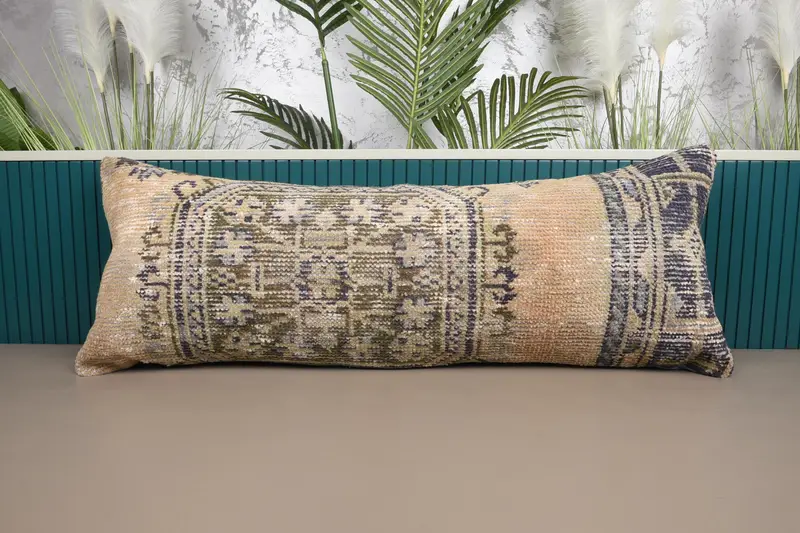 Oranges besticktes Southwestern-Wurfkissen, handgemachtes Vintage-Leinenkissen
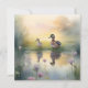 Carte de vœux blanche avec canard aquarelle mignon réfléchissant. Version de dos jaune.
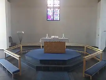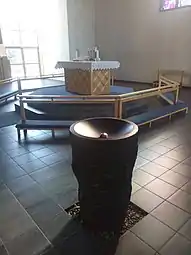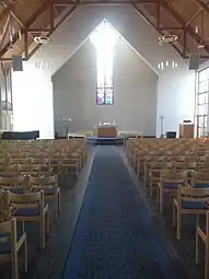 The foundation stone was laid on 6 June 1997 and it was completed in less than one year. After its completion, the church was consecrated on 5 April 1998 by the Bishop Ole Hagesæther. The architect for the church was Peter A. Ristesund and Aud Hundskår was in charge of the interior design. The main sanctuary seats about 280 people, but it is expandable up to about 500 by moving some folding walls.[3][4]
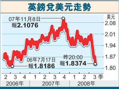 【本報訊】英國8月房價創18年最大跌幅約10.5%,加上通脹為逾10年最高,經濟停滯導致樓市陷入近20年來大衰退,拖累英鎊匯價表現持續不濟。英鎊兌美元跌至近2年低點,於歐洲交易時段早段徘徊1.835水平,月內累計貶值7.5%。英鎊兌歐元更一度跌至4個月來低位,倫敦時間上午7時10分,英鎊兌歐元低見0.8061為4月17日來最低,對上一個交易日尾盤報0.8023。
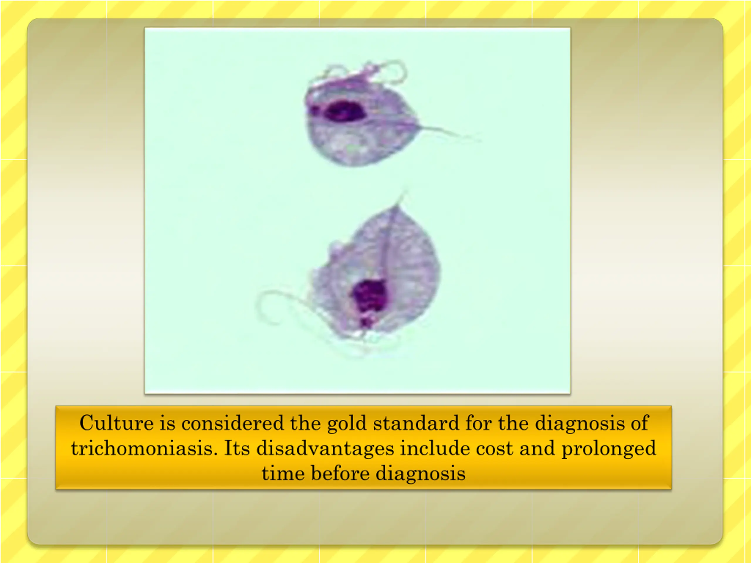 Culture is considered the gold standard for the diagnosis of trichomoniasis. Its disadvantages include cost and prolonged time before diagnosis
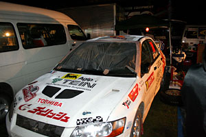夜のサービスパークにて。フロントガラスが破損した田口・廣田組の車両
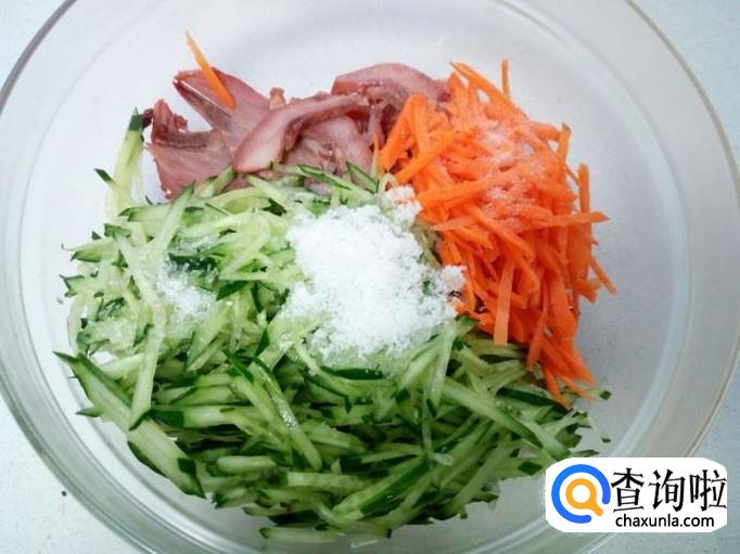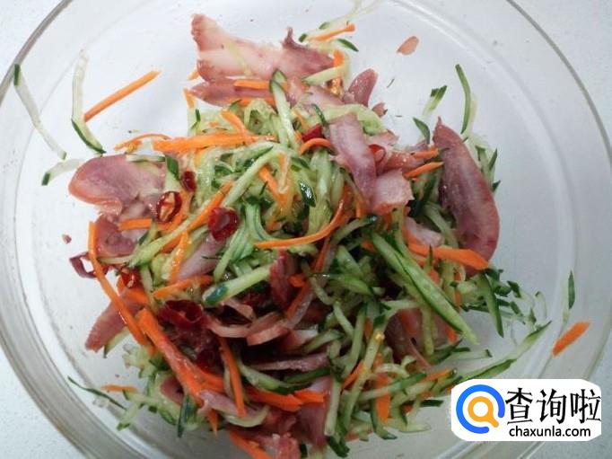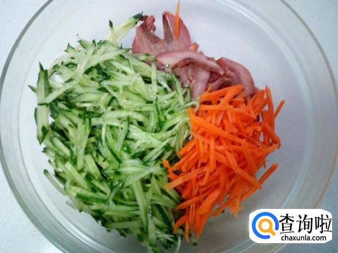 把切好的黄瓜丝,猪头肉,胡萝卜丝,放入碗中。放入白糖,醋,盐,味精,拌和均匀。
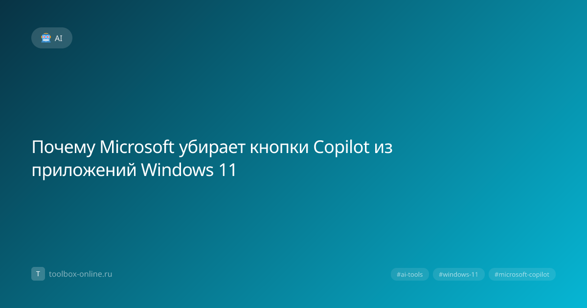 Microsoft начала удалять кнопки Copilot из приложений Windows 11 уже в августе 2024 года, объяснив это желанием упростить пользовательский интерфейс и уменьшить нагрузку на систему. По данным компании, более 35 % пользователей жаловались на замедление работы ПК из‑за постоянных запросов к Copilot. К концу 2026 года планируется полностью заменить старые кнопки новыми контекстными подсказками. Причина заключается в том, что Microsoft стремится оптимизировать ресурсы и улучшить опыт работы с AI‑инструментами. По результатам опросов, проведённых в 2025‑2026 годах, 42 % пользователей отмечали, что кнопки мешают привычному workflow. Удаление кнопок позволяет системе отключать фоновые запросы к облачным сервисам, что снижает нагрузку на процессор и сеть. По данным Microsoft, после удаления средняя нагрузка на CPU в режиме простоя упала с 12 % до 7 %. Если вы хотите продолжать использовать возможности Copilot, вам необходимо включить их через настройки Windows 11. Это делается в несколько шаго
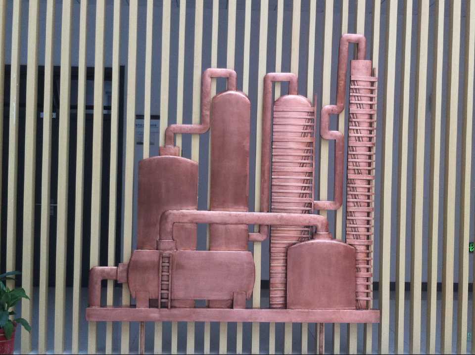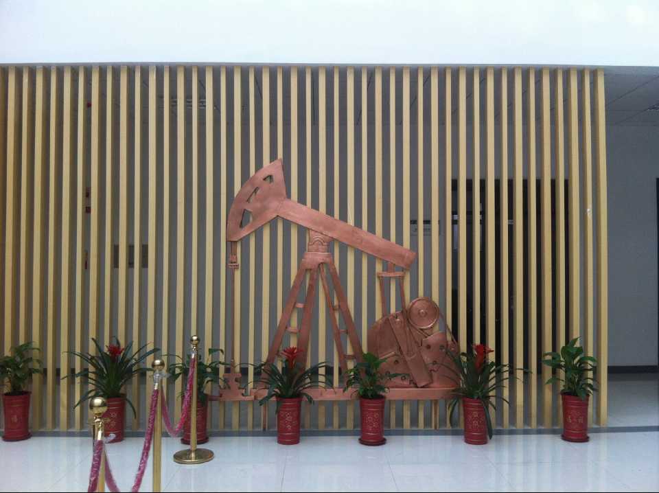 抽油機(jī)及化工廠鍛銅浮雕,2015年10月23日安裝于中國石油大學(xué)華東分校(青島市黃島區(qū))。材質(zhì):紫銅板。工藝:手工鍛銅。高:2.19米。
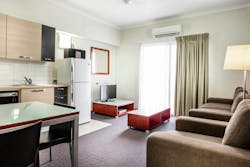 The two bedroom suites have a separate sitting area with two lounge sofas, a four seater dining table and chairs, limited kitchenette facilities for self-catering. The master bedroom consists of a king size bed, with two king singles beds in the second bedroom. The private ensuite is two-way. Laundry facilities include a washer and dryer.
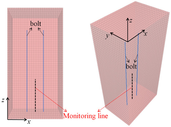 In order to verify and analyze the stress influence law of bolt length and prestress on anchorage blind zone, FLAC3D numerical calculation model is established (Figure 4). The size of the model is 3 m in x-direction, 2 m in y-direction, and 6 m in z-direction. To ensure the computational accuracy of the numerical model, grid refinement was implemented by adopting reduced mesh sizes: the refined grid dimensions are 0.1 m in the x-direction, 0.1 m in the y-direction, and 0.1 m in the z-direction. The upper and bottom boundaries of the model are fixed in the vertical direction, meanwhile, the left and right boundaries are fixed in the horizontal direction without displacement. Since we only study the prestress field of the bolt anchorage in a rock mass, each boundary is not applied with the load, and the Mohr–Coulomb yield criterion is adopted. The parameters of the model are shown in Table 1.
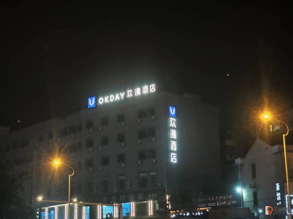益陽市歡漫酒店外墻發(fā)光字采用不銹鋼制作面殼和底亮,亞克力面板,內(nèi)置藍(lán)景光源,熱鍍鋅方通鋼架。

What this task involves
Each line from the beginning of the entries up to and including the one containing "Culture is considered" must be restated exactly. Pictures are to be left out.

Worked solution
 Oranges besticktes Southwestern-Wurfkissen, handgemachtes Vintage-Leinenkissen
 Carte de vœux blanche avec canard aquarelle mignon réfléchissant. Version de dos jaune.
 The foundation stone was laid on 6 June 1997 and it was completed in less than one year. After its completion, the church was consecrated on 5 April 1998 by the Bishop Ole Hagesæther. The architect for the church was Peter A. Ristesund and Aud Hundskår was in charge of the interior design. The main sanctuary seats about 280 people, but it is expandable up to about 500 by moving some folding walls.[3][4]
 【本報訊】英國8月房價創18年最大跌幅約10.5%,加上通脹為逾10年最高,經濟停滯導致樓市陷入近20年來大衰退,拖累英鎊匯價表現持續不濟。英鎊兌美元跌至近2年低點,於歐洲交易時段早段徘徊1.835水平,月內累計貶值7.5%。英鎊兌歐元更一度跌至4個月來低位,倫敦時間上午7時10分,英鎊兌歐元低見0.8061為4月17日來最低,對上一個交易日尾盤報0.8023。
 Culture is considered the gold standard for the diagnosis of trichomoniasis. Its disadvantages include cost and prolonged time before diagnosis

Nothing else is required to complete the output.